打开微信扫一扫,关注微信公众号【数据与算法联盟】
转载请注明出处: http://blog.csdn.net/gamer_gyt
博主微博: http://weibo.com/234654758
Github: https://github.com/thinkgamer
SparkRDD编程(一)
Spark 的键值对(pair RDD)操作,Scala实现
RDD的分区函数
目前Spark中实现的分区函数包括两种
HashPartitioner(哈希分区)
原理图:RangePartitioner(区域分区)
partitioner这个属性只存在于< K,V>类型的RDD中,对于非< K,V >类型的partitioner的值就是None,partitioner函数即决定了RDD本身的分区数量,也可作为RDD shuffle输出中每个区分进行数据切割的依据。
scala> val rdd = sc.makeRDD(1 to 10,2).map(x=>(x,x))
rdd: org.apache.spark.rdd.RDD[(Int, Int)] = MapPartitionsRDD[1] at map at <console>:27
scala> rdd.partitioner
res0: Option[org.apache.spark.Partitioner] = None
scala> val group_rdd = rdd.groupByKey(new org.apache.spark.HashPartitioner(3))

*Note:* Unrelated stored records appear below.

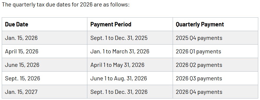 (4) The deadlines for estimated tax payments are typically:
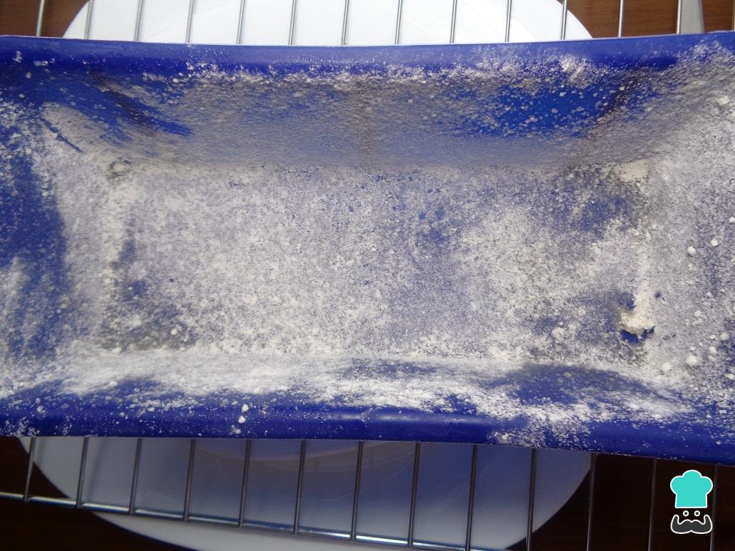 Unte a forma do bolo com um pouco de manteiga e adicione um pouco de farinha para enfarinhar completamente.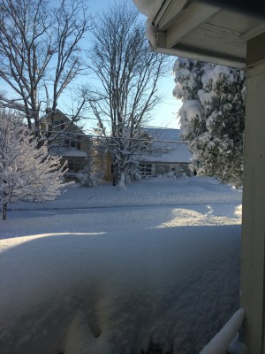 I woke up around 5:30 with texts on my phone about school being cancelled, so that was a relief.  Otherwise, I’d be the lone student who couldn’t make it in…and have to make up the missed time on my own.  Later in the morning, we heard Moog was closed as well.  By mid-morning Tuesday, the accumulation was growing and it snowed virtually all day.  We were out three times to shovel and snow-blow, and that was just to keep it manageable.  When we weren’t outside, we were parked on the couch trying to rest up before heading out again just a few hours later.  There may have been hot chocolate and episodes of The Walking Dead involved…

group_rdd: org.apache.spark.rdd.RDD[(Int, Iterable[Int])] = ShuffledRDD[2] at groupByKey at <console>:29
scala> group_rdd.partitioner
res1: Option[org.apache.spark.Partitioner] = Some(org.apache.spark.HashPartitioner@3)
scala> group_rdd.collect()
res4: Array[(Int, Iterable[Int])] = Array((6,CompactBuffer(6)), (3,CompactBuffer(3)), (9,CompactBuffer(9)), (4,CompactBuffer(4)), (1,CompactBuffer(1)), (7,CompactBuffer(7)), (10,CompactBuffer(10)), (8,CompactBuffer(8)), (5,CompactBuffer(5)), (2,CompactBuffer(2)))
RDD的基本转换操作
1. repartition 和 coalesce
两者都是对rdd分区进行重新划分,repartition只是coalesce接口中shuffle为true的简易实现,这里我们讨论一下coalesce合并函数该如何设置shuffle参数,这里分三种情况(假设RDD有N个分区,需要重新划分为M个分区)
- 如果N < M
一般情况下N个分区有数据分布不均的情况,利用HashPartitioner函数将数据重新分区为M个,这时需要将shuffle的参数设置为true - 如果N > M(两者相差不大)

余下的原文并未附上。